• PROMPT: The lines in the listing below are to be given again exactly, starting at the line holding "Tubannews.id – Kantor" and ending at the line holding "5 - Отзывы0.0". Do not include pictures.

┌─ RECORDS FOR THIS EXERCISE

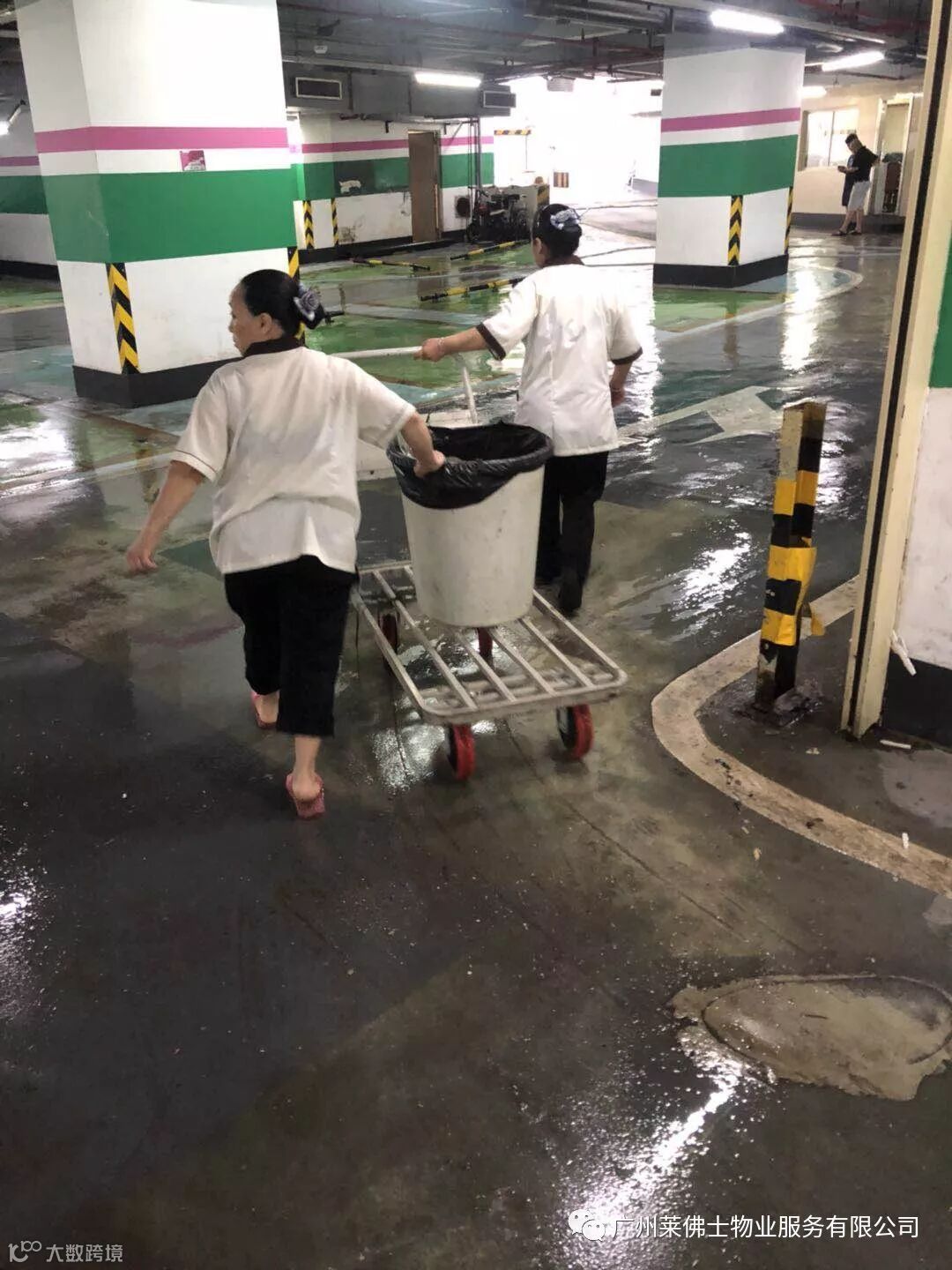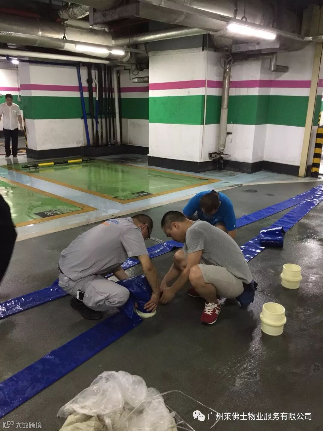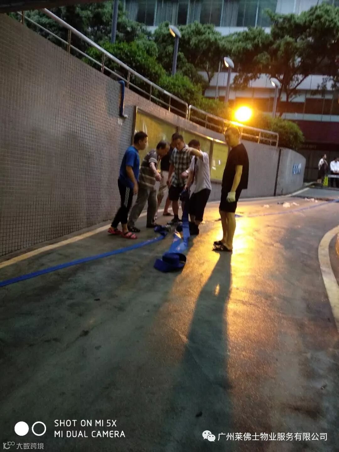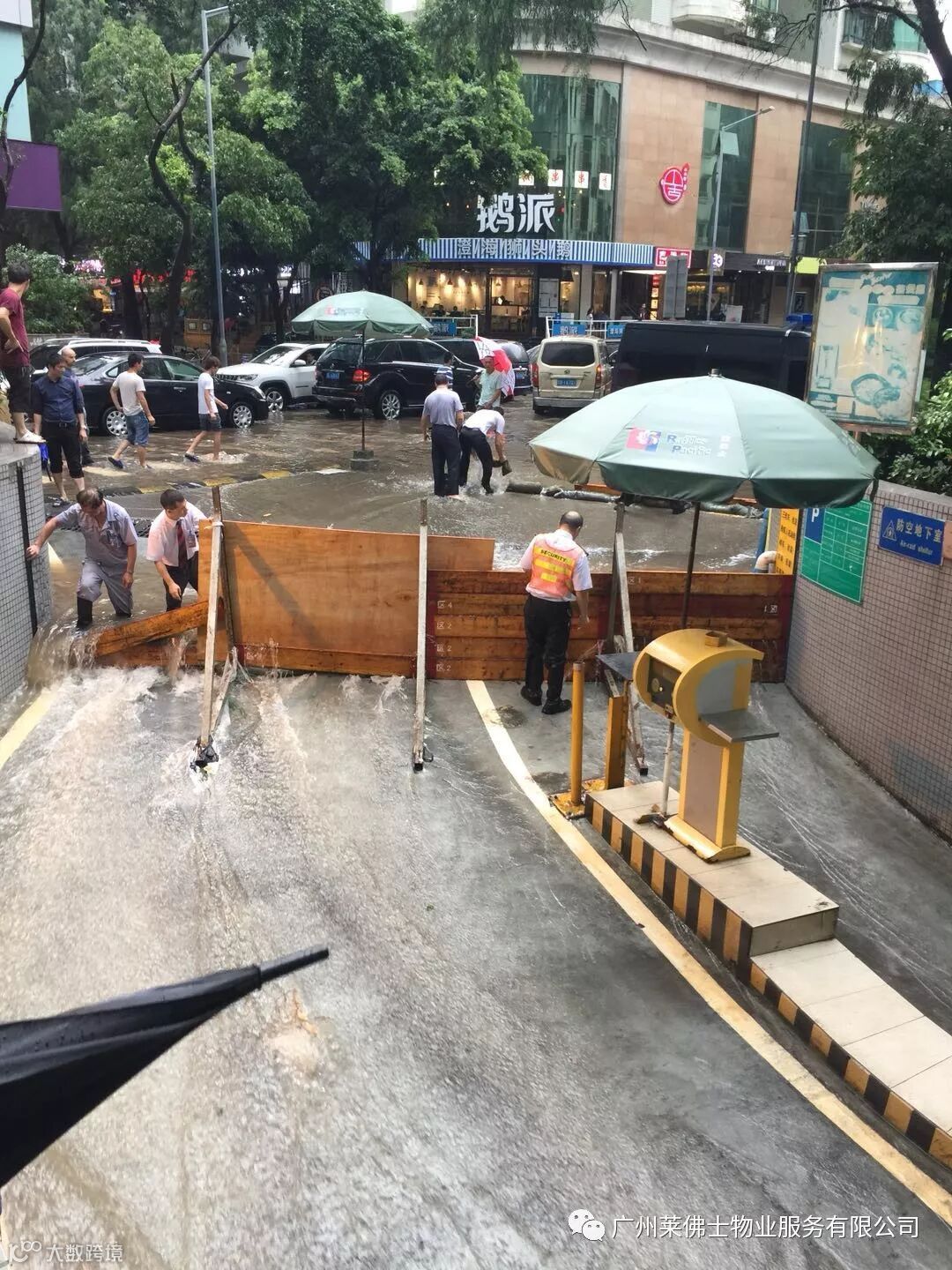物业车库入口出现外水倒灌,管理处抢险人员紧急行动,扛沙袋封堵地下车库进出口处,与洪水赛跑,守卫停车场。
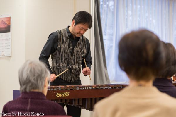私が見学させていただいたのは、介護付有料老人ホーム「アライブ世田谷下馬」で開催された後藤さんと打楽器奏者の藤本隆文さんが演奏する“マリンバの会”。藤本さんも著名な演奏家で、元神奈川県フィルハーモニー管弦楽団の首席ティンパニ奏者であり、東京藝大器楽科准教授でもある方だ。
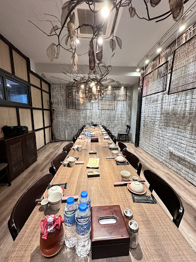 🏠 Không gian – decor: Phòng riêng rộng rãi, đèn treo, bàn gỗ dài, tone mộc, ánh sáng ấm — ngồi nhóm 10–20 người “rôm rả” mà không ồn ào, riêng tư thoải mái.
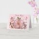 This Mother's Day card features a single exquisite pale pink cherry blossom bathed in a rosy glowing light, surrounded by distant blossoms. Another flower is inside on a pastel pink gradient. All text can be customised to suit your needs.
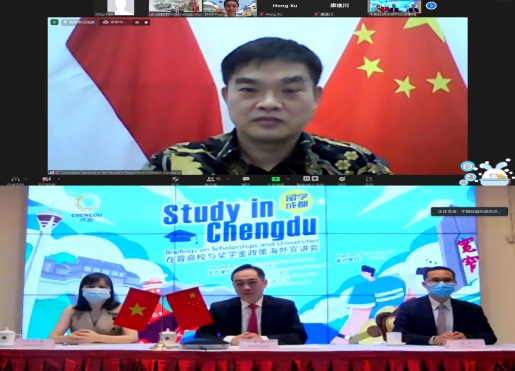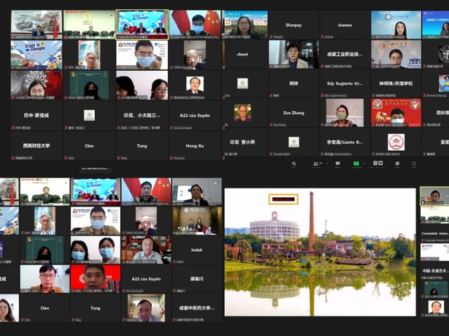 4月8日下午,由成都市人民政府外事办公室、成都市教育局会同中国驻泗水总领事馆、中国驻胡志明市总领事馆共同举办,西华大学承办的“留学成都——在蓉高校与奖学金政策海外宣讲会”(线上)在八教410会议室顺利举行。中国驻泗水总领事顾景奇,中国驻胡志明市总领事吴骏,成都市人民政府外事办公室主任姜斌、副主任欧玉松,成都市人民政府石斌总督学,西华大学副校长费凌教授出席宣讲会。
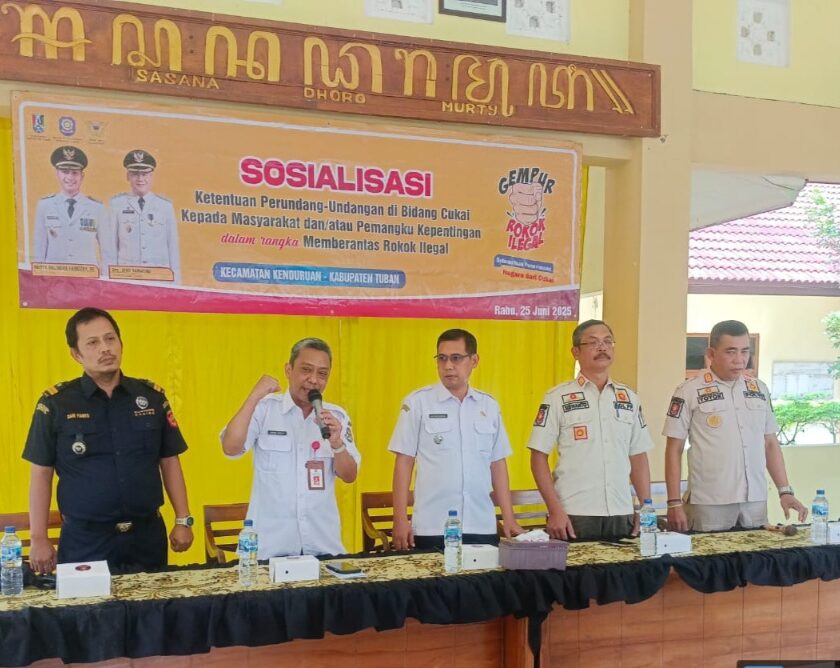 Tubannews.id – Kantor Wilayah Bea Cukai Jawa Timur I menggelar sosialisasi ketentuan peraturan perundang-undangan di bidang cukai dalam rangka pemberantasan rokok ilegal di wilayah
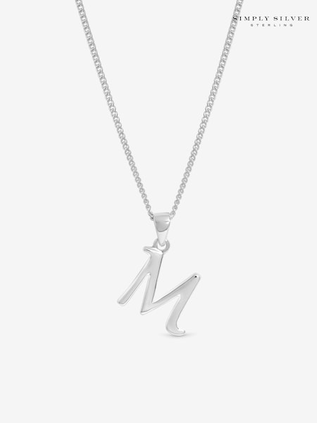 Simply Silver 925 Sterling Silver Initial Pendant - M
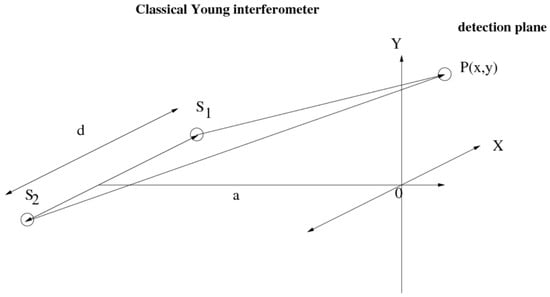 with as the wave number with (), n is the refraction index, (), is the used wavelength and is the maximum value of intensity in the Young pattern. Equation (2) arises after considering two point sources and without diffraction effects.
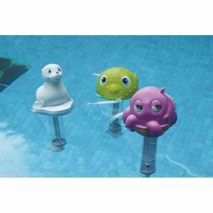 Плаваючий термометр іграшка Kokido K265DIS/6P Тюлень для басейну. Виготовлений з нешкідливого полімеру, не містить скла, ртуті або гострих частин. Має дві шкали - Цельсія і Фаренгейта. Обладнаний плавучим шнурком, який кріпиться до стінки басейну.
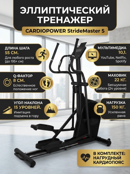 Эллиптический тренажер CardioPower StrideMaster 5 - ДоставкаДоставка по Москве: бесплатно, 1-2 дняДоставка по Санкт-Петербургу: бесплатно, 2-3 дня Доставка по России: стоимость уточняйте у оператора. Эллиптический тренажер CardioPower StrideMaster 5 - Отзывы0.0
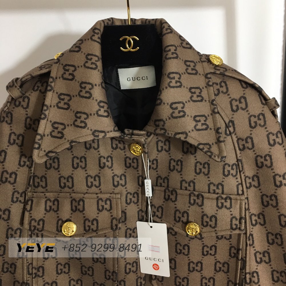 Gucci G Jacquard Letter Leather-Bound Mid-Length Trench Coat
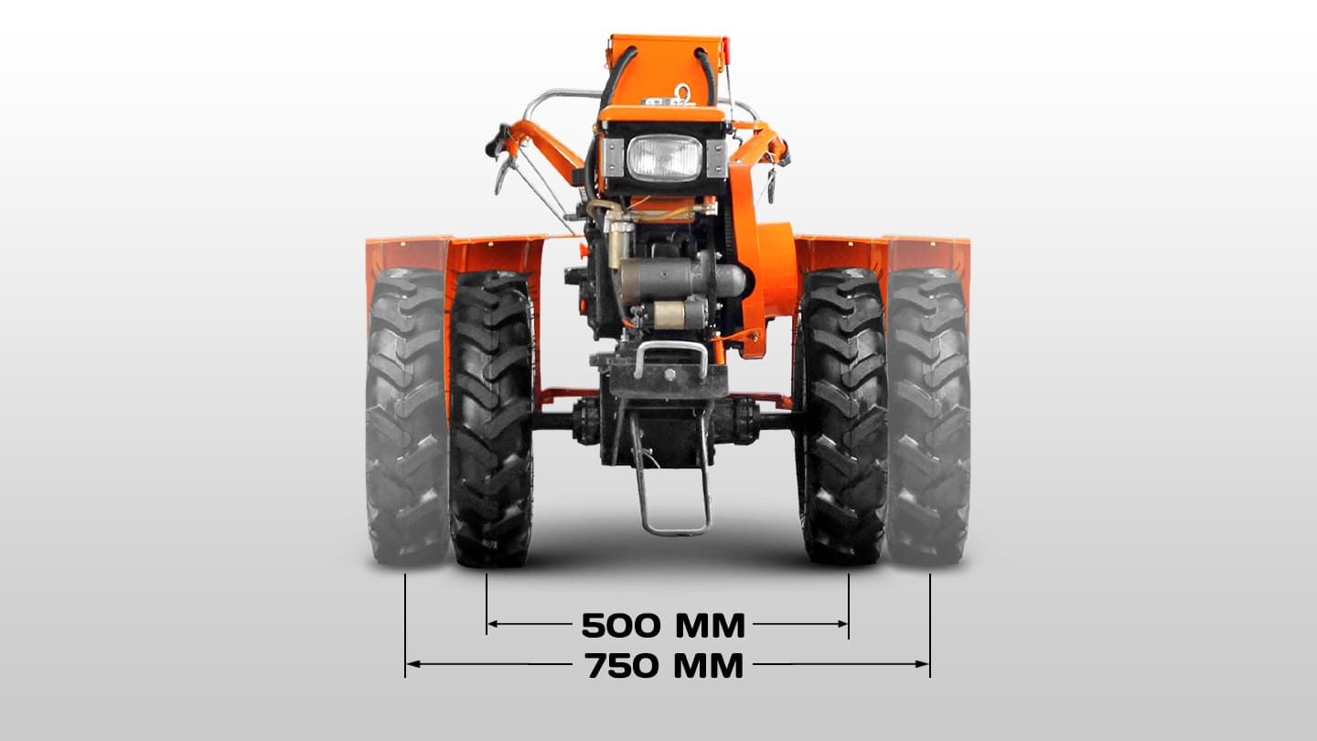 На мотоблоке 2091 возможности трансмиссии гораздо скромнее – только 3 скорости вперед с одной пониженной передачей и одна назад. Диапазон скоростей от 5 до 18 км/ч. Разблокировка дифференциала отсутствует, но из-за гораздо меньшего веса этой модели, она и не требуется, да и в комплекте с мотоблоком идут поворотные ступицы.
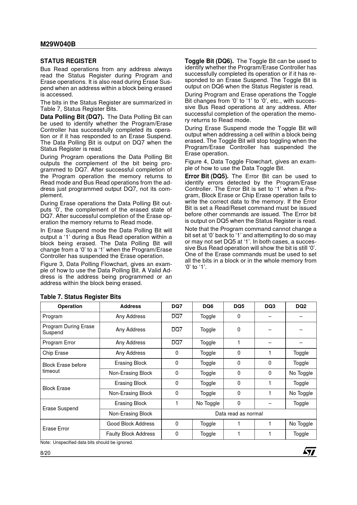 M29W040BSTATUS REGISTERToggle Bit (DQ6). The Toggle Bit can be used to Bus Read operations from any address always identify whether the Program/Erase Controller has read the Status Register during Program and successfully completed its operation or if it has re- Erase operations. It is also read during Erase Sus- sponded to an Erase Suspend. The Toggle Bit is pend when an address within a block being erased output on DQ6 when the Status Register is read. is accessed. During Program and Erase operations the Toggle The bits in the Status Register are summarized in Bit changes from ‘0’ to ‘1’ to ‘0’, etc., with succes- Table 7, Status Register Bits. sive Bus Read operations at any address. After successful completion of the operation the memo- Data Polling Bit (DQ7). The Data Polling Bit can ry returns to Read mode. be used to identify whether the Program/Erase Controller has successfully completed its opera- During Erase Suspend mode the Toggle Bit will tion or if it has responded to an Erase Suspend. output when addressing a cell within a block being The Data Polling Bit is output on DQ7 when the erased. The Toggle Bit will stop toggling when the Status Register is read. Program/Erase Controller has suspended the Erase operation. During Program operations the Data Polling Bit outputs the complement of the bit being pro- Figure 4, Data Toggle Flowchart, gives an exam- grammed to DQ7. After successful completion of ple of how to use the Data Toggle Bit. the Program operation the memory returns to Error Bit (DQ5). The Error Bit can be used to Read mode and Bus Read operations from the ad- identify errors detected by the Program/Erase dress just programmed output DQ7, not its com- Controller. The Error Bit is set to ‘1’ when a Pro- plement. gram, Block Erase or Chip Erase operation fails to During Erase operations the Data Polling Bit out- write the correct data to the memory. If the Error puts ‘0’, the complement of the erased state of Bit is set a Read/Reset command must be issued DQ7. After successful completion of the Erase op- before other commands are issued. The Error bit eration the memory returns to Read mode. is output on DQ5 when the Status Register is read. In Erase Suspend mode the Data Polling Bit will Note that the Program command cannot change a output a ‘1’ during a Bus Read operation within a bit set at ‘0’ back to ‘1’ and attempting to do so may block being erased. The Data Polling Bit will or may not set DQ5 at ‘1’. In both cases, a succes- change from a ‘0’ to a ‘1’ when the Program/Erase sive Bus Read operation will show the bit is still ‘0’. Controller has suspended the Erase operation. One of the Erase commands must be used to set all the bits in a block or in the whole memory from Figure 3, Data Polling Flowchart, gives an exam- ‘0’ to ‘1’. ple of how to use the Data Polling Bit. A Valid Ad- dress is the address being programmed or an address within the block being erased. Table 7. Status Register BitsOperationAddressDQ7DQ6DQ5DQ3DQ2 Program Any Address DQ7 Toggle 0 – – Program During Erase Any Address DQ7 Toggle 0 – – Suspend Program Error Any Address DQ7 Toggle 1 – – Chip Erase Any Address 0 Toggle 0 1 Toggle Block Erase before Erasing Block 0 Toggle 0 0 Toggle timeout Non-Erasing Block 0 Toggle 0 0 No Toggle Erasing Block 0 Toggle 0 1 Toggle Block Erase Non-Erasing Block 0 Toggle 0 1 No Toggle Erasing Block 1 No Toggle 0 – Toggle Erase Suspend Non-Erasing Block Data read as normal Good Block Address 0 Toggle 1 1 No Toggle Erase Error Faulty Block Address 0 Toggle 1 1 Toggle Note: Unspecified data bits should be ignored. 8/20 Document Outline Table 1. Signal Names Table 2. Absolute Maximum Ratings (1) Table 3. Uniform Block Addresses, M29W040B Table 4. Bus Operations Table 5. Commands Read/Reset. Auto Select. Program, Unlock Bypass Program, Chip Erase, Block Erase. Unlock Bypass. Unlock Bypass Reset. Erase Suspend. Erase Resume. Table 6. Program, Erase Times and Program, Erase Endurance Cycles (TA = 0 to 70˚C or –40 to 85˚C) Table 7. Status Register Bits Table 8. AC Measurement Conditions Table 9. Capacitance (TA = 25 ˚C, f = 1 MHz) Table 10. DC Characteristics (TA = 0 to 70˚C or –40 to 85˚C) Table 11. Read AC Characteristics (TA = 0 to 70˚C or –40 to 85˚C) Table 12. Write AC Characteristics, Write Enable Controlled (TA = 0 to 70˚C or –40 to 85˚C) Table 13. Write AC Characteristics, Chip Enable Controlled (TA = 0 to 70˚C or –40 to 85˚C) Table 14. Ordering Information Scheme Table 15. PLCC32 – 32 lead Plastic Leaded Chip Carrier, Package Mechanical Data Table 16. TSOP32 – 32 lead Plastic Thin Small Outline, 8 x 20mm, Package Mechanical Data Table 17. TSOP32 – 32 lead Plastic Thin Small Outline, 8 x 14mm, Package Mechanical Data Table 18. Revision History SUMMARY DESCRIPTION SIGNAL DESCRIPTIONS Address Inputs (A0-A18). Data Inputs/Outputs (DQ0-DQ7). Chip Enable (E). Output Enable (G). Write Enable (W). VCC Supply Voltage. VSS Ground. BUS OPERATIONS Bus Read. Bus Write. Output Disable. Standby. Automatic Standby. Special Bus Operations Electronic Signature. Block Protection and Blocks Unprotection. COMMAND INTERFACE Read/Reset Command. Auto Select Command. Program Command. Unlock Bypass Command. Unlock Bypass Program Command. Unlock Bypass Reset Command. Chip Erase Command. Block Erase Command. Erase Suspend Command. Erase Resume Command. STATUS REGISTER Data Polling Bit (DQ7). Toggle Bit (DQ6). Error Bit (DQ5). Erase Timer Bit (DQ3). Alternative Toggle Bit (DQ2). Figure 1. Logic Diagram Figure 2. PLCC Connections Figure 3. TSOP Connections Figure 4. Data Polling Flowchart Figure 5. Data Toggle Flowchart Figure 6. AC Testing Input Output Waveform Figure 7. AC Testing Load Circuit Figure 8. Read Mode AC Waveforms Figure 9. Write AC Waveforms, Write Enable Controlled Figure 10. Write AC Waveforms, Chip Enable Controlled Figure 11. PLCC32 – 32 lead Plastic Leaded Chip Carrier
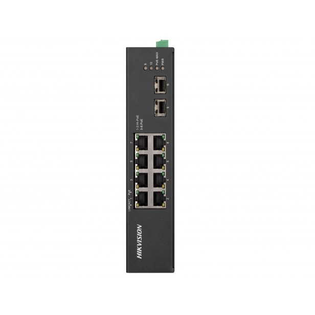 Неуправляемый, 6 RJ45 1000M PoE с грозозащитой 6кВ; 2 1000M порт поддерживает HiPoE 60Вт, 2 1000М SFP порта; бюджет PoE 110Вт; поддержка режима передачи до 300м, таблица MAC адресов на 4000 записей; пропускная способность 20Гб/с; 48-57 VDC, 2.5 A; -30°C...+65°C.
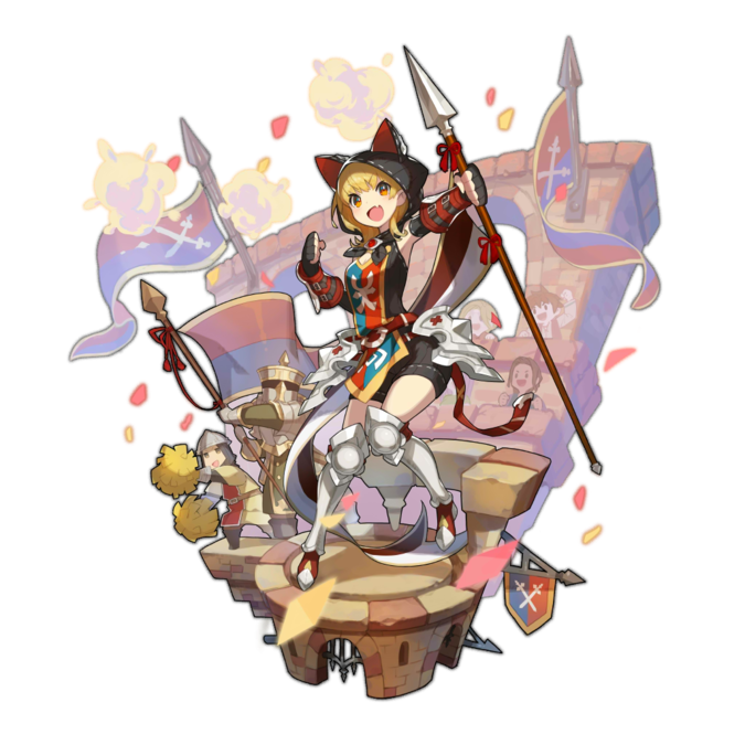 A receptionist and cheerleader from Apollonia. Her personal mission is to cheer everyone she can. She believes that even the saddest of lifes has some happy moments, and it's always worth to keep living.

└─

• RESULT BELOW:
 Tubannews.id – Kantor Wilayah Bea Cukai Jawa Timur I menggelar sosialisasi ketentuan peraturan perundang-undangan di bidang cukai dalam rangka pemberantasan rokok ilegal di wilayah
 Simply Silver 925 Sterling Silver Initial Pendant - M
 with as the wave number with (), n is the refraction index, (), is the used wavelength and is the maximum value of intensity in the Young pattern. Equation (2) arises after considering two point sources and without diffraction effects.
 Плаваючий термометр іграшка Kokido K265DIS/6P Тюлень для басейну. Виготовлений з нешкідливого полімеру, не містить скла, ртуті або гострих частин. Має дві шкали - Цельсія і Фаренгейта. Обладнаний плавучим шнурком, який кріпиться до стінки басейну.
 Эллиптический тренажер CardioPower StrideMaster 5 - ДоставкаДоставка по Москве: бесплатно, 1-2 дняДоставка по Санкт-Петербургу: бесплатно, 2-3 дня Доставка по России: стоимость уточняйте у оператора. Эллиптический тренажер CardioPower StrideMaster 5 - Отзывы0.0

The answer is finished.